Em 2005, o concelho apresentava 9509 habitantes.
O natural ou habitante de Torre de Moncorvo denomina-se moncorvense.
História e Monumentos
Salientam-se do património arquitetónico do concelho: os Paços do Concelho (séc. XIX); o Solar dos Pimentéis (séc. XVIII); as capelas de Nossa Senhora da Esperança (séc. XIV), do Espírito Santo (séc. XVIII), de Nossa Senhora dos Prazeres (séc. XVIII), de Santo António (séc. XVIII) e do Sagrado Coração de Jesus (séc. XVIII); as igrejas da Misericórdia de Moncorvo e a matriz de Moncorvo ou Igreja de Nossa Senhora da Assunção (ambas do séc. XVI); o cabeço de Alfarela (Idade do Ferro), a fonte de Santiago (séc. XVII) e o castelo (séc. XII), na freguesia central de Torre de Moncorvo; a Igreja Paroquial ou Igreja de Nossa Senhora da Purificação (séc. XVIII), na freguesia de Larinho; o castelo e a calçada da Idade Média, o pelourinho (séc. XVI) e a Igreja de Mós ou Igreja de Santa Maria (séc. XVI), na freguesia de Mós; a Capela de Santa Bárbara (séc. XVIII), o castelinho da Idade da Proto-História e o chafariz de Lamelas (séc. XVIII), na freguesia de Felgar; o castelo da Mina da Idade da Proto-História e a capela do Senhor dos Aflitos (séc. XVIII), na freguesia de Cardanha; a Capela do Santo Cristo (séc. XVIII), a cidadonha da Proto-História e a necrópole de São Cristóvão da época romana, na freguesia de Carviçais; a Igreja Matriz de Adeganha ou Igreja de Santiago Maior (séc. XIII), as muralhas e ruínas de Vila Velha de Santa Cruz (séc. XIII), o povoado de Baldoeiro da Pré-História e a Igreja de São Ciríaco dos Estevais (séc. XVIII), em Adeganha; a Ermida de Nossa Senhora da Teixeira (séc. XVI), em Açoreira e as diversas pontes medievais sobre o rio Sabor e ribeira de Vilariça espalhadas por todo o concelho.
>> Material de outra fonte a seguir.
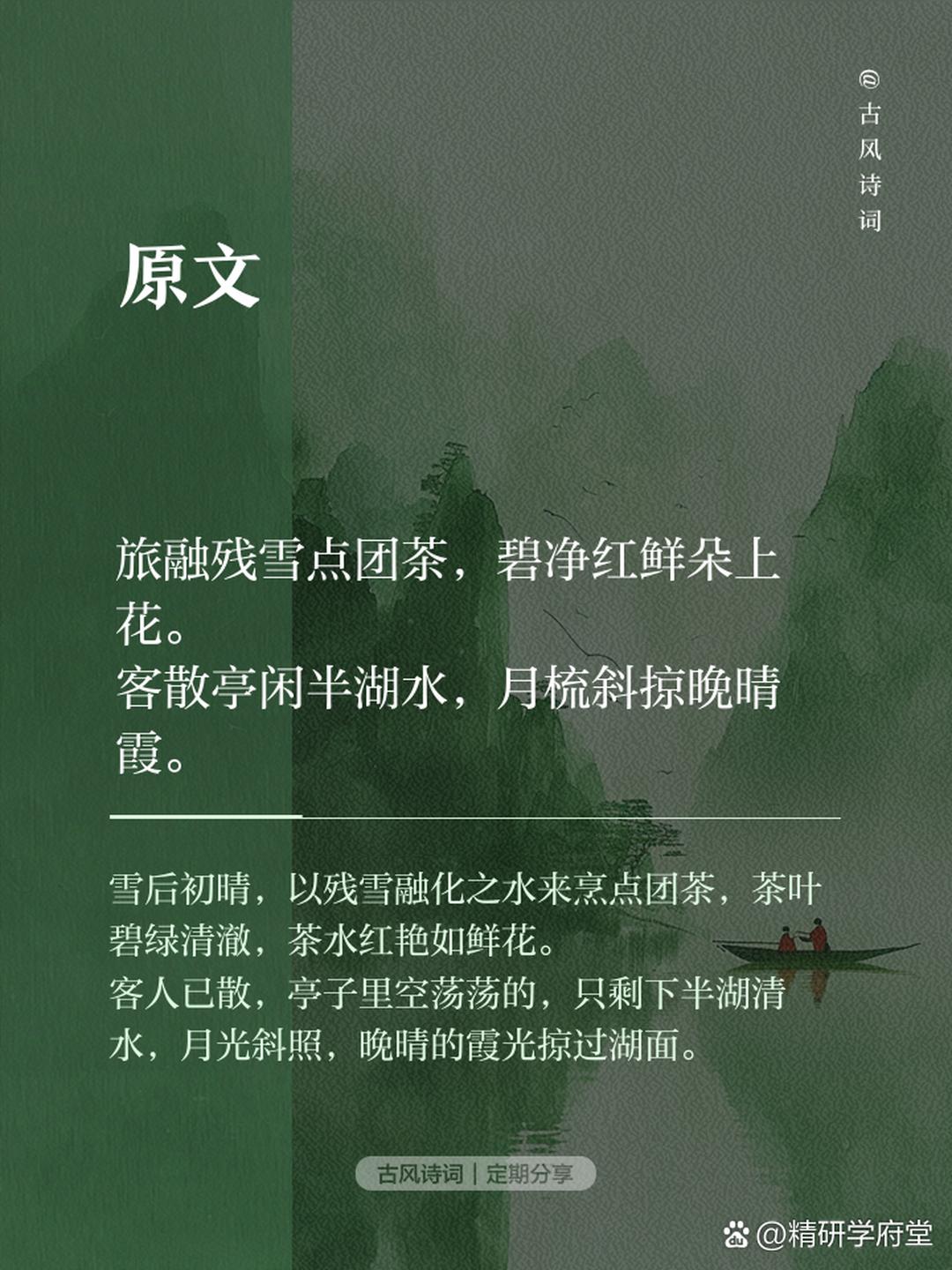 詩中描繪的“煮雪烹茶”、“拈韻賦詩”、“憑欄觀畫”,無一不是宋代文人生活美學的標準動作。葛紹體以清麗的語言,將這種生活儀式化、詩意化,使之成為一種可傳承的文化典范。它告訴后人,即便外界風雨如晦,內心仍可守護一片“煙雨館”般的清明世界,在與友、與物、與景的深情互動中,獲得生命的豐盈與寧靜。

Tradições, Lendas e Curiosidades
Segundo uma lenda, na Idade Média, numa torre existente naquele lugar, vivia um capitão com o nome de Mendo que tinha um corvo domesticado. O povo chamava-a Torre de Mendo Corvo, daí derivando, para os nossos dias, em Torre de Moncorvo.
O concelho tem como romarias municipais a da Nossa Senhora da Assunção, a 15 de agosto, em Torre de Moncorvo; a da Nossa Senhora do Amparo, no primeiro domingo depois de 15 de agosto, em Felgar; a Festa de Santa Eufémia, no primeiro fim de semana de setembro, em Felgueiras; e a de S. Martinho, a 11 de novembro, em Maçores. Anualmente, na freguesia de Torre de Moncorvo, realiza-se a Feira do Artesanato, por volta do final de abril, com atividades populares e tradicionais; a feira da Nossa Senhora da Assunção, que decorre entre 13 e 17 de agosto e ainda a 10 de maio e 11 de setembro. Há feiras quinzenais nos dias 8 e 23 na vila e mensais em Carviçais, a 24; em Felgar, no segundo domingo e em Urros, no primeiro domingo.
O concelho comemora o seu feriado municipal a 19 de março.
No artesanato destacam-se a olaria, os tapetes, as mantas de farrapos e a cestaria.
Economia
O concelho tem como base económica a agropecuária. Na zona mais fértil, o vale da Vilariça, produz-se a azeitona, a amêndoa e os produtos hortícolas. Uma grande parte do concelho pertence à Região Demarcada do Douro, produzindo o vinho, principalmente o generoso. Nas zonas menos férteis cria-se o gado caprino e ovino. A produção de mel tem sido incrementada. A principal mancha florestal, localizada na serra de Rebordelo, com pinheiros, medronheiros, cedros, castanheiros, sobreiros e carvalhos, tem permitido a sua exploração industrial, principalmente a da extração da cortiça e do corte da madeira. Nesta serra encontra-se uma grande jazida de ferro que em tempos foi muito explorada. A atividade turística está ligada à caça, à pesca, ao património arquitetónico e aos aspetos paisagísticos.